# 2016 TKM tourney



## highntight (Jan 24, 2011)

5th annual Travis Klynt Madden Memorial Fishing Tournament.

Over $27,000 payout

$150 per 4 man tem to register
$50 per pot

Heavy stringer- 5 trout or flounder; 2 slot reds
Heavy trout
Heavy red- slot
Spot pot
Heavy hardhead/gafftop
Big fish- salt or fresh water/any legal means

Based out of Inez,Tx and the Inez Community Center.

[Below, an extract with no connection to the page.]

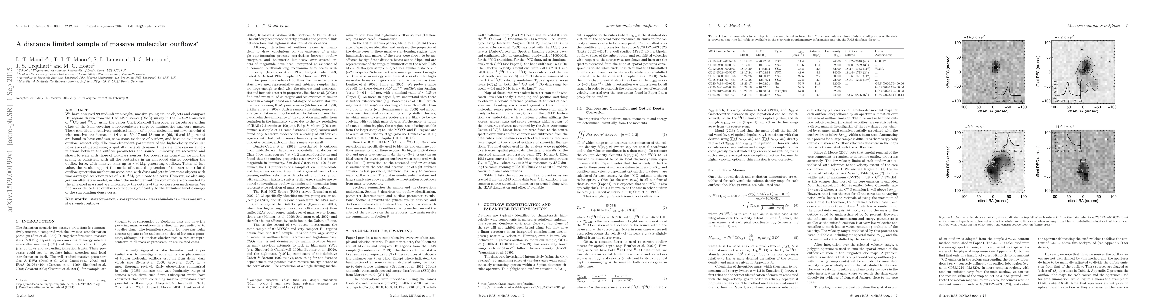 We have observed 99 mid-infrared-bright, massive young stellar objects and compact HII regions drawn from the Red MSX source (RMS) survey in the J=3$-$2 transition of $^{12}$CO and $^{13}$CO, using the James Clerk Maxwell Telescope. 89 targets are within 6 kpc of the Sun, covering a representative range of luminosities and core masses. These constitute a relatively unbiased sample of bipolar molecular outflows associated with massive star formation. Of these, 59, 17 and 13 sources (66, 19 and 15 percent) are found to have outflows, show some evidence of outflow, and have no evidence of outflow, respectively. The time-dependent parameters of the high-velocity molecular flows are calculated using a spatially variable dynamic timescale. The canonical correlations between the outflow parameters and source luminosity are recovered and shown to scale with those of low-mass sources. For coeval star formation we find the scaling is consistent with all the protostars in an embedded cluster providing the outflow force, with massive stars up to $\sim$30 M$_{\odot}$ generating outflows. Taken at face value, the results support the model of a scaled-up version of the accretion-related outflow-generation mechanism associated with discs and jets in low-mass objects with time-averaged accretion rates of $\sim$10$^{-3}$ M$_{\odot}$ yr$^{-1}$ onto the cores. However, we also suggest an alternative model, in which the molecular outflow dynamics are dominated by the entrained mass and are unrelated to the details of the acceleration mechanism. We find no evidence that outflows contribute significantly to the turbulent kinetic energy of the surrounding dense cores.
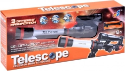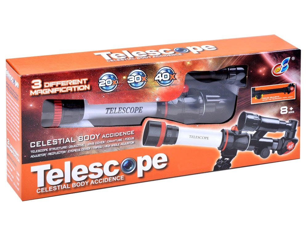 De set bevat drie oculairs met vergroting 20×/30×/40×, een compact tafelstatief en een mini-kompas voor oriëntatie. De telescoop kan gemakkelijk op een bureau worden geplaatst zodat je meteen het heelal kunt verkennen zonder ingewikkelde instellingen.

Boundaries: from the mouth of the Colorado River to Mesquite Bay
(East Matty= out of bounds/Mesquite Bay= out of bounds)
(W Matty, Lavaca, Kellers, Espirito Santo, San Antonio, Ayers all in play)

Captain's meeting July 8th 5-9pm- register team and sign up for pots
First cast 12:01am July 9th
Weigh in: 3-6pm July 9th

For more info, call Keith Madden (361)648-4268


----------



## highntight (Jan 24, 2011)

Pot winners (x's 6) get:

1st- 45% of pot total and 4 Waterloo rods
2nd- 25% of pot total and 4 Shimano Curado reels
3rd- 10% of pot total and 4 Shimano reels
4th- 4 Bubba Blades

Fishermen receive: T-shirts, BBQ plates, Bait bucket tix, free dance that night.

All proceeds benefit the Travis Klynt Madden Memorial Scholarship Fund, a 501(c)3 non-profit corporation.


----------